Member of the Western Cape Provincial Parliament
- In office 15 December 2022 – 28 May 2024
- Preceded by: Masizole Mnqasela

Speaker of the George Municipal Council
- In office 12 February 2018 – 1 November 2021
- Preceded by: Iona Kritzinger
- Succeeded by: Sean Snyman

Deputy Mayor of the George Local Municipality
- In office 25 August 2016 – 8 February 2018
- Preceded by: Daniel Maritz
- Succeeded by: Charlotte Clarke

Personal details
- Born: 1955 or 1956 (age 69–70)
- Party: Democratic Alliance
- Spouse: Lomine
- Children: 3
- Alma mater: University of Port Elizabeth (BA)
- Profession: Diplomat, politician

= Gerrit Pretorius =

South African politician and former diplomat

Gerrit Pretorius (born 1955 or 1956) is a South African politician and former diplomat who was a Democratic Alliance Member of the Western Cape Provincial Parliament from December 2022 until May 2024. He was a municipal councillor of the George Local Municipality from 2016 to 2021, serving as the deputy mayor of the municipality from 2016 until 2018 and as council speaker from 2018 until he left council.

==Background==
Pretorius attended Hoërskool Outeniqua (English: Outeniqua High School) before going on to study at the University of Port Elizabeth where he graduated with a Bachelor of Arts (BA) in Sociology and Administration. After university, Pretorius worked as a diplomat for the then white minority government of South Africa.
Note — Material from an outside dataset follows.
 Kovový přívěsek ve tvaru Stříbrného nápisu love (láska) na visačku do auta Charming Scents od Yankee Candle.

He worked at the Department of Foreign Affairs in Pretoria before he was deployed to the South African embassies in London and Ottawa. In early-1987, Pretorius was notified that he would become the private secretary to Foreign Affairs Minister Pik Botha. His appointment become official on 1 May 1987 and he served in the position until 1989. He then worked in the private sector in Johannesburg for four years. Since 2000, Pretorius and his younger brother have operated a business in George.

==Local politics==
Pretorius was elected as a Democratic Alliance municipal councillor of the George Local Municipality in the local government elections of 3 August 2016, after which he was elected deputy mayor to mayor Melvin Naik.

On 12 February 2018, Pretorius was elected council speaker following the resignation of Iona Kritzinger. Charlotte Clarke succeeded him as deputy mayor.
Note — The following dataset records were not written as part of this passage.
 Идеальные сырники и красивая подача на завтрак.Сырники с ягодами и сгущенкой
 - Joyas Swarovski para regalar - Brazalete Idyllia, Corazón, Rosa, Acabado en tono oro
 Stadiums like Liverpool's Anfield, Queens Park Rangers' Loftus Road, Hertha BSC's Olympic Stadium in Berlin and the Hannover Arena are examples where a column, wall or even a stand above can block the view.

Pretorius was ranked low on the DA's proportional representation list for the local government elections of 1 November 2021 and left council as a result.

==Provincial politics==
On 15 December 2022, Pretorius was sworn in as a DA Member of the Western Cape Provincial Parliament by speaker Daylin Mitchell. He filled the vacancy created by the termination of the former speaker of the provincial parliament Masizole Mnqasela's DA membership.

==Personal life==
Pretorius is married to Lomine. They have three children together, two daughters and one son. Pretorius enjoys gardening.